WHAT YOU HAVE TO DO = Could you copy exactly the lines below from the one with "Die wirtschaftliche Eigenkapitalquote" to the one with "Sicherungshaken zusammendrücken und", inclusive, leaving out any pictures?

SOURCE MATERIAL =
================

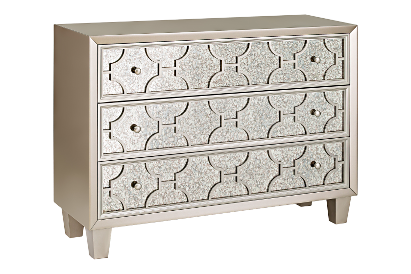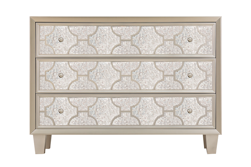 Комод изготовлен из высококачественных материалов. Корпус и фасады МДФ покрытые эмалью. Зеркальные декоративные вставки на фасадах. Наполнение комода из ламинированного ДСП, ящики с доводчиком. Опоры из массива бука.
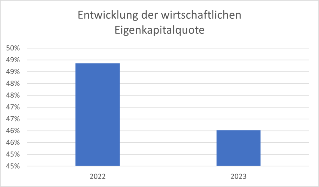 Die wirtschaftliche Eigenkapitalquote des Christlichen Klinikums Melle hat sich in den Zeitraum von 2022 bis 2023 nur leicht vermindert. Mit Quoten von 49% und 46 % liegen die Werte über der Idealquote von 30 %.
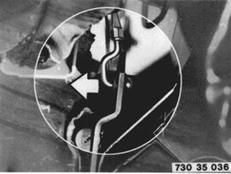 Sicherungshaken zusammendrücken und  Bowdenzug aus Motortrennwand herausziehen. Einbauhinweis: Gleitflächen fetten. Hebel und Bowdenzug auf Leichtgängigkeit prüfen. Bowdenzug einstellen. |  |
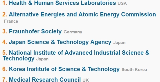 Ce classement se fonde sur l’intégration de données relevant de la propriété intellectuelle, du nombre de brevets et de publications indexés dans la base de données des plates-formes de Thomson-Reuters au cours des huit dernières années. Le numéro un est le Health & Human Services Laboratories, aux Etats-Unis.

================

TASK RESPONSE =
 Die wirtschaftliche Eigenkapitalquote des Christlichen Klinikums Melle hat sich in den Zeitraum von 2022 bis 2023 nur leicht vermindert. Mit Quoten von 49% und 46 % liegen die Werte über der Idealquote von 30 %.
 Sicherungshaken zusammendrücken und  Bowdenzug aus Motortrennwand herausziehen. Einbauhinweis: Gleitflächen fetten. Hebel und Bowdenzug auf Leichtgängigkeit prüfen. Bowdenzug einstellen. |  |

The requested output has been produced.